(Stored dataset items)
<<<<
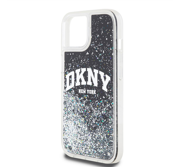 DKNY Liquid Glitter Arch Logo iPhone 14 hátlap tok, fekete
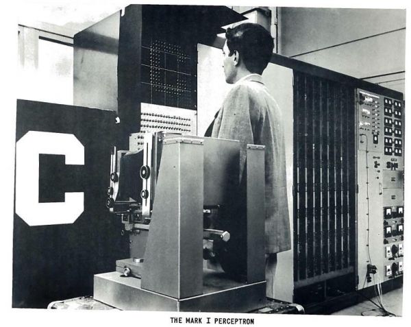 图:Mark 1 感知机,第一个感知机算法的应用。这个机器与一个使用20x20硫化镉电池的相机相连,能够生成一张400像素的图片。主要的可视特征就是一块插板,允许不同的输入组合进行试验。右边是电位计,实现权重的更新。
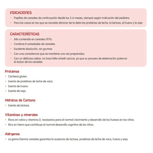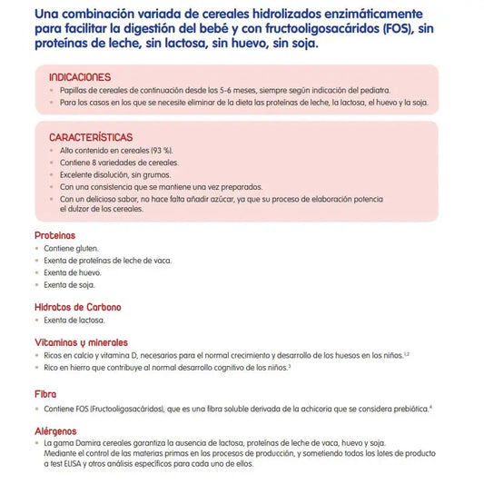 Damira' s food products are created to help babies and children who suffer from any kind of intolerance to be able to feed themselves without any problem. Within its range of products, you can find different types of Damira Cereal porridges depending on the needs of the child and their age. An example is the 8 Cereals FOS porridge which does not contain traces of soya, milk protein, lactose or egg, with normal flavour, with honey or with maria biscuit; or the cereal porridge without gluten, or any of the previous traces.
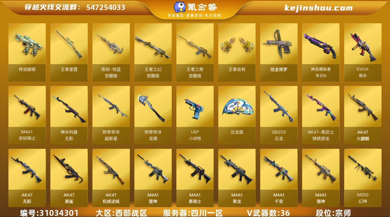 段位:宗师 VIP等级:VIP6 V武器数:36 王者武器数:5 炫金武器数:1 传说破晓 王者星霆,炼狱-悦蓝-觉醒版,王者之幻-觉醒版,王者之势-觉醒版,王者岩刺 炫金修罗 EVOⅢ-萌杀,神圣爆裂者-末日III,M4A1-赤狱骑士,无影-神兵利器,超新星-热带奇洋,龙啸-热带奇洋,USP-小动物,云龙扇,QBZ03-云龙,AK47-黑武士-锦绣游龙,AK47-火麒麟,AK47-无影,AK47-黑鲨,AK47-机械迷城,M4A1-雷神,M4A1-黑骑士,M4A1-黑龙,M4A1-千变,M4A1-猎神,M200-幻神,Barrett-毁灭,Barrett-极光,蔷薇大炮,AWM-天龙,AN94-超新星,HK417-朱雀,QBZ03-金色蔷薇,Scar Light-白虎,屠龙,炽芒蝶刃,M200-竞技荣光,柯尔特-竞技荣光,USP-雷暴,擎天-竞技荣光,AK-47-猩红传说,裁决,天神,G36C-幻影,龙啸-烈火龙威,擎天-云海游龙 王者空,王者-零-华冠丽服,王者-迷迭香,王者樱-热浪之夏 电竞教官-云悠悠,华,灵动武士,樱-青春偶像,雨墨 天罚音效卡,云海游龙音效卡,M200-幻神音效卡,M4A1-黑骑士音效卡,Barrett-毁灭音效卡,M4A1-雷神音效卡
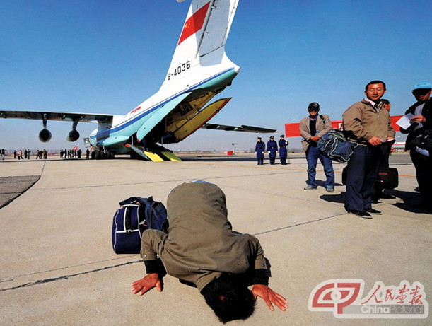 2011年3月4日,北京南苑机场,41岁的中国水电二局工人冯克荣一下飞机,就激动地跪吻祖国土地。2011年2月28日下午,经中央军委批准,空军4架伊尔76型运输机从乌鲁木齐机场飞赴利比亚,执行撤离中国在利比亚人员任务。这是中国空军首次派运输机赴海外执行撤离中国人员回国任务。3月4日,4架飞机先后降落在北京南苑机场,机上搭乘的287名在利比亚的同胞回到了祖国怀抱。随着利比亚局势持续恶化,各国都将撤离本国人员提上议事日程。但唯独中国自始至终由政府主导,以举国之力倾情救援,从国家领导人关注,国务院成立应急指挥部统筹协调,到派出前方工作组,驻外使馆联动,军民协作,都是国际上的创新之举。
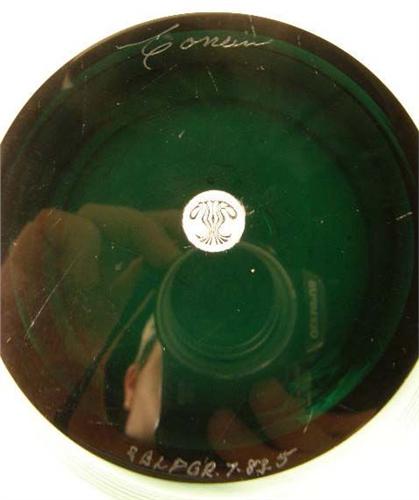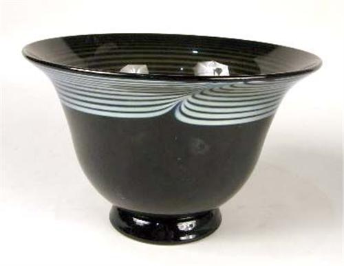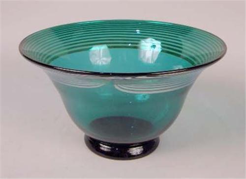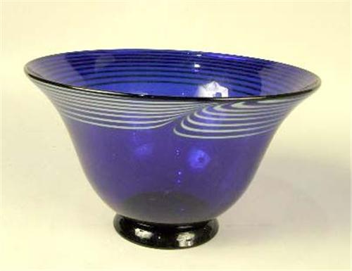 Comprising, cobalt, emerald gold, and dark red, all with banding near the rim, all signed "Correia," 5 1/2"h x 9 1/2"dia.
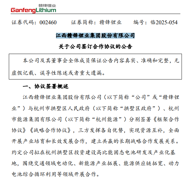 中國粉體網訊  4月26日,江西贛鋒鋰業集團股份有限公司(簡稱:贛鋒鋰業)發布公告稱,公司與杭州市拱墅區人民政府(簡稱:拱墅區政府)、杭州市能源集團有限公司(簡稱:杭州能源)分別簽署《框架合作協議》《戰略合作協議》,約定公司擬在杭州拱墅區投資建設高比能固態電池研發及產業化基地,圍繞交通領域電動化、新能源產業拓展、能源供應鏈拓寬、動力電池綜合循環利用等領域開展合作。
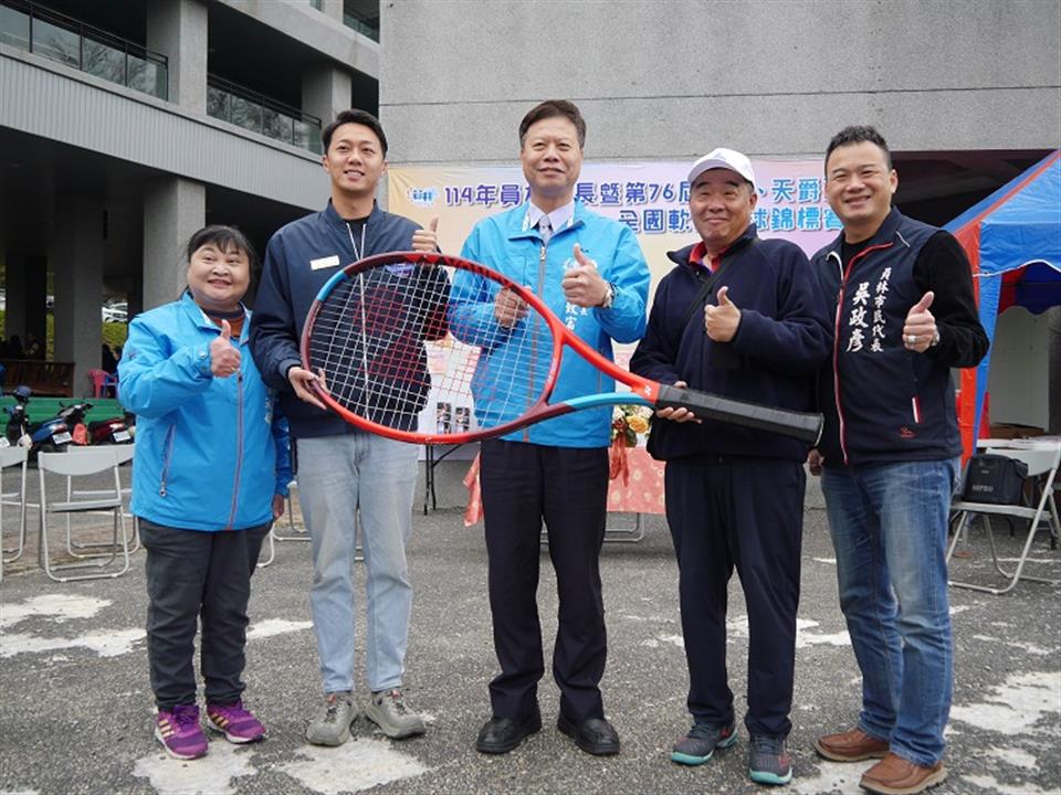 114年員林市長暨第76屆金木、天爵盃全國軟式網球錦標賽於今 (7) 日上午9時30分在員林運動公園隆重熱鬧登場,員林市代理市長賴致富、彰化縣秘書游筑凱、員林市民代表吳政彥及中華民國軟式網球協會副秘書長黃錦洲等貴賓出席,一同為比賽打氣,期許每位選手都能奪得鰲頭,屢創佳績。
>>>>
To do:
In the records above, transcribe exactly the lines from the one containing "Comprising, cobalt, emerald" through the last line, both included, and skip the pictures.

Solution to the problem:
 Comprising, cobalt, emerald gold, and dark red, all with banding near the rim, all signed "Correia," 5 1/2"h x 9 1/2"dia.
 中國粉體網訊  4月26日,江西贛鋒鋰業集團股份有限公司(簡稱:贛鋒鋰業)發布公告稱,公司與杭州市拱墅區人民政府(簡稱:拱墅區政府)、杭州市能源集團有限公司(簡稱:杭州能源)分別簽署《框架合作協議》《戰略合作協議》,約定公司擬在杭州拱墅區投資建設高比能固態電池研發及產業化基地,圍繞交通領域電動化、新能源產業拓展、能源供應鏈拓寬、動力電池綜合循環利用等領域開展合作。
 114年員林市長暨第76屆金木、天爵盃全國軟式網球錦標賽於今 (7) 日上午9時30分在員林運動公園隆重熱鬧登場,員林市代理市長賴致富、彰化縣秘書游筑凱、員林市民代表吳政彥及中華民國軟式網球協會副秘書長黃錦洲等貴賓出席,一同為比賽打氣,期許每位選手都能奪得鰲頭,屢創佳績。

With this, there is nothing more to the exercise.